-- Opening Marker --

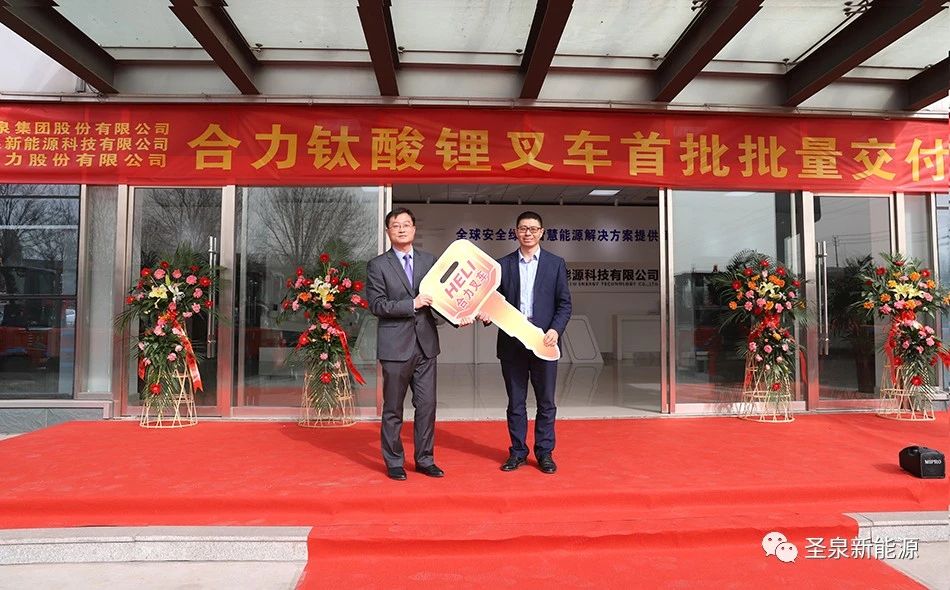 3月16日,山东圣泉新能源科技有限公司与世界叉车行业前七强安徽合力股份有限公司成功举办电动叉车钛酸锂电池系统批量交付仪式。安徽合力党委委员、山东齐鲁合力叉车有限公司董事长华丙松,山东齐鲁合力叉车有限公司总经理房少君,圣泉集团副总裁、圣泉新能源董事长肖猛,圣泉新能源总经理刘绍钢等出席了本次交付仪式。本次仪式交付了首批研发并经过试运行验证、性能优越的18套电动叉车钛酸锂电池系统。根据双方签订的战略合作协议,圣泉新能源将陆续交付300套钛酸锂电池系统。
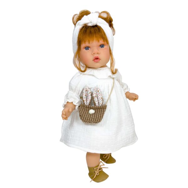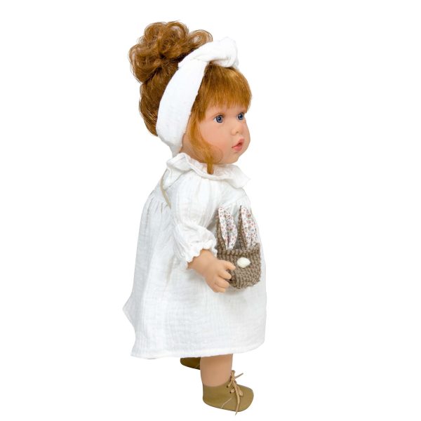 Papusa Nines D’Onil, Susette Plumeti, cu parul roscat, cu sunete, cu rochie alba, cu miros de vanilie, 45 cm
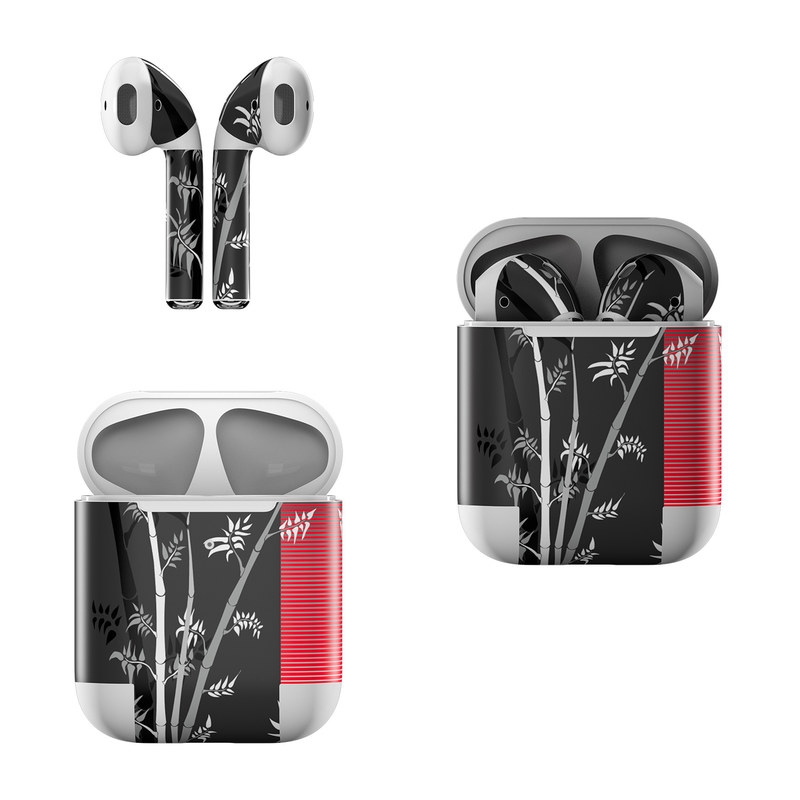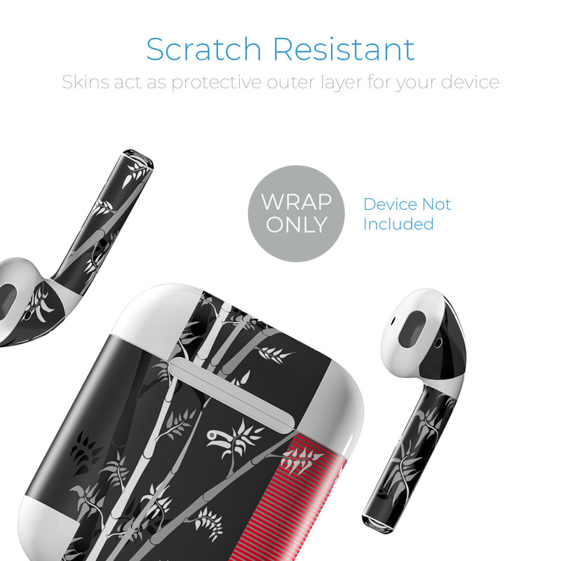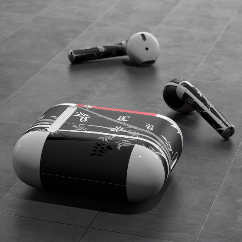 iStyles Apple AirPods Skin design of Tree, Branch, Plant, Graphic design, Bamboo, Illustration, Plant stem, Black-and-white, with black, red, gray, white colors, and tagged with nature.

-- Closing Marker --

EXERCISE DIRECTIONS:
Please return each line of the listing exactly as written, excluding the images.

TASK RESULT:
 3月16日,山东圣泉新能源科技有限公司与世界叉车行业前七强安徽合力股份有限公司成功举办电动叉车钛酸锂电池系统批量交付仪式。安徽合力党委委员、山东齐鲁合力叉车有限公司董事长华丙松,山东齐鲁合力叉车有限公司总经理房少君,圣泉集团副总裁、圣泉新能源董事长肖猛,圣泉新能源总经理刘绍钢等出席了本次交付仪式。本次仪式交付了首批研发并经过试运行验证、性能优越的18套电动叉车钛酸锂电池系统。根据双方签订的战略合作协议,圣泉新能源将陆续交付300套钛酸锂电池系统。
 Papusa Nines D’Onil, Susette Plumeti, cu parul roscat, cu sunete, cu rochie alba, cu miros de vanilie, 45 cm
 iStyles Apple AirPods Skin design of Tree, Branch, Plant, Graphic design, Bamboo, Illustration, Plant stem, Black-and-white, with black, red, gray, white colors, and tagged with nature.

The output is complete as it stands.